Second, I think we should assign each piece of code to a maintainer who does manage the diffs etc... I think editing code on Wiki will not work......

-- JeroenVanGelderen


We are just talking about different possibilities right now.

Page created by ChrisSmith


Versioning proposal: each version consists of jjjj.mm.dds where:

For instance my MD5 class is now at 1997.12.16b. It makes assigning, maintaining and comparing versions a snap.

I also propose that all alpha and beta release be time limited. This prevents other people accidentally using an outdated API introduced in an alpha release...

-- JeroenVanGelderen


For versioning, I would stick with DD-MMM-YYYY or 16-DEC-1997. This makes the day and the month and the year easily identifiable so that we don't get into the debate about having month or day first... Although, Jeroen's method allows for the versions to be sorted easily in a file system.

- ClarkEvans


This is going to sound slightly ridiculous, but what if we have 2 versions of a class file from the same day? Overall, I like Jeroen's idea (used it myself without the dots for 8.3 file names in Windows). But I have run into the problem frequently with my development team. This isn't so much an issue for releases, it's an issue for development. Most version control systems generate version numbers when code is checked in. Maybe we'd be further along just letting the tool handle it.

These are more musings than opinions, though. --BillRehm


Well, my idea is that version tracking will become easier this way. You cannot forget where exactly you are. Files are sorted neatly in the filesystem or more generally sorting is easier than with the 22-DEC-1997 approach.

As for the order of mm and dd: when you start with a year there's only a single accepted notation: jjjj-mm-dd. jjjj-dd-mm is unknown...

The vc system might be a problem but we do not use one here and if we did, we should adapt it... It's important to use a uniform versioning standard on JOS so we cannot just have the vc system handle versioning...

However, most vc systems can include a date in the file so with a little code we could use the included date string and convert it to version number... Most important point here is that you would only use 'my' versioning on releases, not for internal development builds...

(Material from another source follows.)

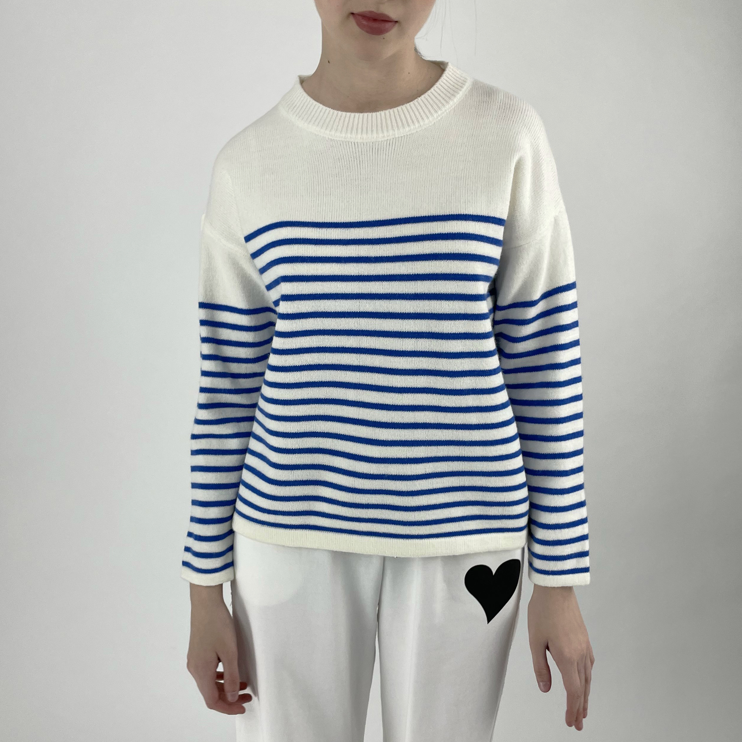 Свитер широкий синие полосы спущен плечовой шов

As for the more versions on one day thing: don't do it or take a day ahead...

-- JeroenVanGelderen


If we all use the version control system, wouldn't that sort of make it the uniform versioning standard?

RE: more versions on one day. I guess you're just addressing the special case where we are doing releases, not the general one where we have multiple versions of source files. Remember: the JOS group is spread across both international date lines. At the very least, we need to set all version times to GMT, which is equally a pain in the ass, when a version control system like CVS can take care of this for us.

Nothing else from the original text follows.